Nonetheless, it is worth highlighting that the Company’s property investments have delivered both a high income and capital growth in a year when many parts of the property market have struggled. This is a notable outcome of the property managers’ emphasis on strength of covenant and the consequent evolution of the portfolio away from the retail sector, and this latter shift should increase the resilience of the portfolio to any further weakness from the UK consumer. Pleasingly, SAINTS’ equities held up relatively well in the troubled last quarter. And, as in previous years, returns over 2018 have been helped by the sound operational performance of the companies in which the portfolio is invested. The principal contributors to and detractors from performance and the changes to the equity, property and bond investments are explained in more detail in the Managers’ Review.”
Chairman’s comments on outlook
“Last year I suggested that the likelihood of continued economic growth around the world seemed strong, but that concerns relating to valuations and rising interest rates made share price progress less than certain. This year the opposite may be the case, both because economic growth is likely to slow as the cycle progresses and trade wars loom large and because recent falls make equity valuations appear more reasonable. Appearances may be deceptive however, particularly if corporate earnings growth slows dramatically from the strong levels of 2018.
Wild cards such as Brexit, the extent of any slowdown in China, international trade relations and the broader geopolitical risk around China and the US make predictions challenging as quite different outcomes are entirely possible. Against this uncertain background, the Board and the Managers continue to view it as a strength that the Company’s underlying investments are closely aligned with its long-term objectives. Holdings in companies which maintain dividends in troubled times, and which also grow cashflows and dividends ahead of inflation over the long term, should help SAINTS to do the same, and the resilience shown by the property portfolio also bodes well for the future.
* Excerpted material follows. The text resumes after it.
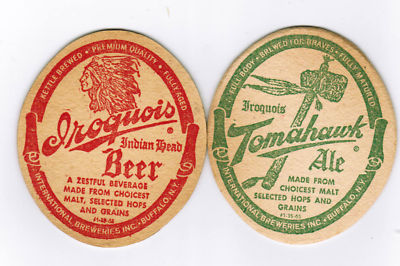 One Iroquois Beer Coaster Indian Buffalo New York Tomahawk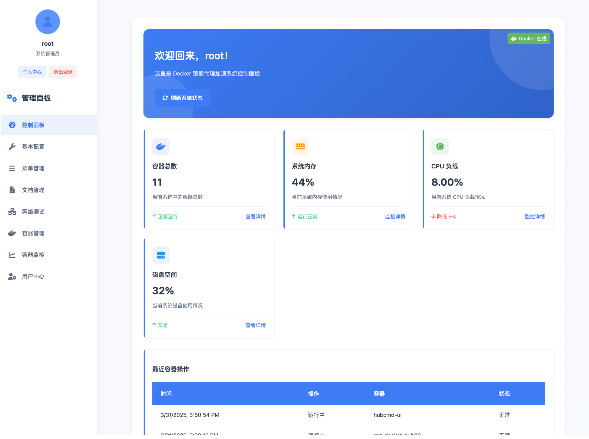 HubCMD-UI服务,面板展示、镜像搜索、文档教程、容器管理、容器监控、网络测试、用户中心等功能

The Board and the Managers remain alert to both potential opportunities and challenges. In the current environment the Managers are correctly focussed on the resilience and dependability of the Company’s holdings, as well as their long-term growth potential, as is explained further in their report. As a Board, we remain of the view that a long-term approach based on investing for sustainable growth is the best route to achieving SAINTS’ aim of growing the dividend over time. We have great confidence in the Managers’ approach, and this confidence has been strengthened by another year of generally encouraging operational performance from the holdings in the portfolio.”
About Scottish American
Scottish American invests in a broad range of UK and international assets. It invests mainly in equity markets, but other investments may be held from time to time including bonds, property and other asset classes. There are no pre-defined maximum or minimum exposure levels for asset classes, sectors or regions.
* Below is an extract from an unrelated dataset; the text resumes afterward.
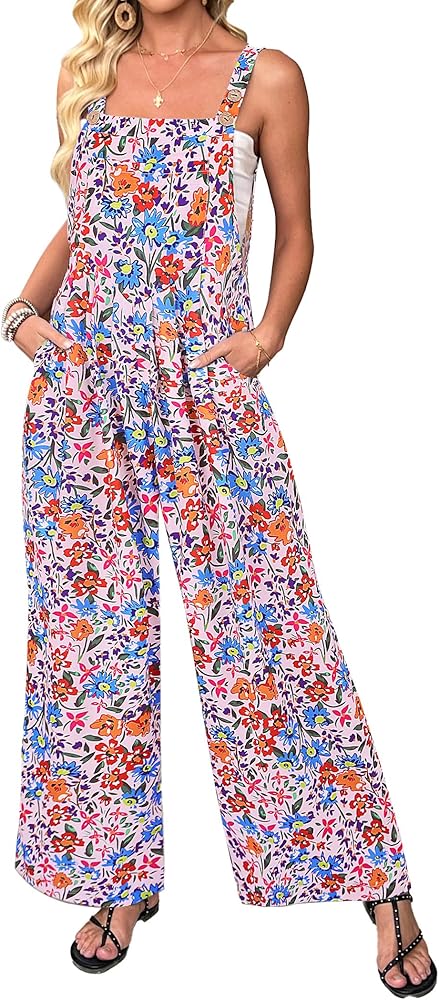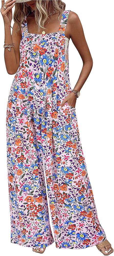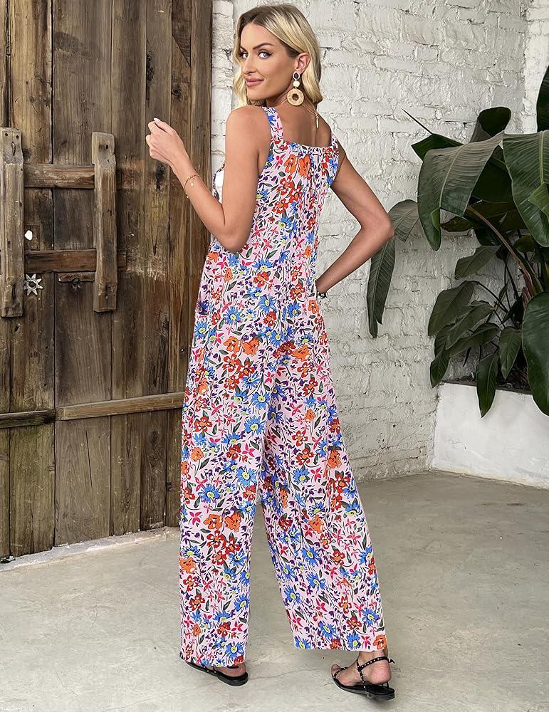 Fashionable Design:Featuring a bohemian-inspired print, this dressy jumpsuit combines dual pockets with adjustable buttoned shoulder straps. Its sleeveless, wide-leg, minimalist silhouette suits every body type, ensuring effortless comfort and style

The Board caution that Scottish American’s performance in any one year is likely to differ from that of its benchmark index, sometimes by a significant amount. In order to achieve real growth in the dividend, the focus of the portfolio is on listed equities. The equity portfolio consists of shares listed both in the UK and in overseas markets. The portfolio is diversified across a range of holdings with little regard paid to the weighting of individual companies in the composite benchmark index.
Scottish American is managed by Edinburgh based managed by Baillie Gifford & Co.